Controversial new powers being considered by HM Revenue and Customs could result in monies owed to the tax man being taken directly out of taxpayer bank accounts.

HMRC is seeking the new powers to reduce the cost and effort of chasing 200,000 people who haven't paid all of their tax through the courts each year, even though it says that the majority of these cases go undefended.

A consultation paper looking at payments and debts states: "Taxpayers who owe money to HMRC frequently have sufficient funds or assets to pay their debts, but choose to delay doing so. HMRC currently lacks the full range of powers to ensure prompt payment."

The proposals, if approved, would allow HMRC to freeze an amount held in an individuals's bank account equal to their tax debt. This would be paid to the department by the bank or building society in question only after other methods of collecting the money had failed. The consultation document also asks for views on whether it should be allowed to demand cash from the sale of land or property, including homes, if people do not pay up.

HMRC says that the consultation paper forms part its work to modernise its powers and deterrents. It invites comments on a range of ideas to make it easier for taxpayers to pay on time and improve the way in which HMRC deals with those who do not. The deadline for submitting comments is 17 September 2007.

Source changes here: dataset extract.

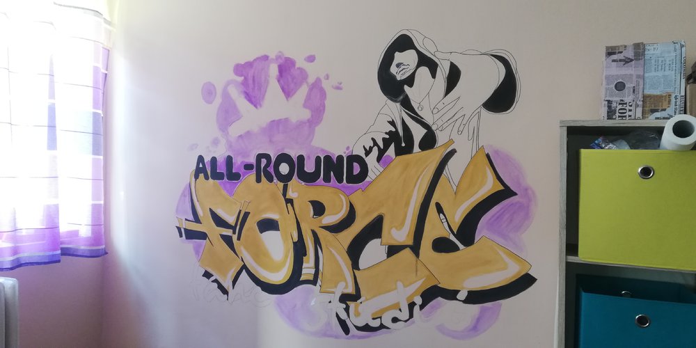 Idővel elkészült az első All-Round Force-os graffiti, majd a többi, bővitettük a tükörfalat, lett fotófal, és a kupáink is kaptak egy szép polcrendszert.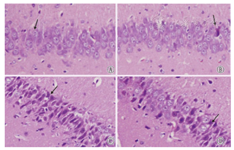 留取大鼠海马组织,40 g/L多聚甲醛固定,石蜡包埋,取冠状切面,HE染色,采用双盲法在显微镜下观察海马CA1区神经元结构改变。

The proposals have however, provoked criticism from tax experts, who are warning that the measures would represent an unacceptable extension of HMRC's powers.

"We've got to have safeguards to say that it's definitely owed and properly proceeded against," John Whiting, a tax partner at PricewaterhouseCoopers, told the BBC News website. "The taxpayer's got some rights of appeal because if you suddenly find some money disappearing from your bank account and it's a mistake, well, how do you get it back?"

Mike Warburton of Grant Thornton told the Financial Times that: “It seems a pretty serious extension of their (HMRC's) powers.” The Chartered Institute of Taxation also expressed “quite serious concerns" about the proposals in the same report.

The proposals come as HMRC begins sifting through hundreds of thousands of bank accounts held by those believed to be hiding money offshore, following the passing of the deadline for the Offshore Disclosure Facility last month.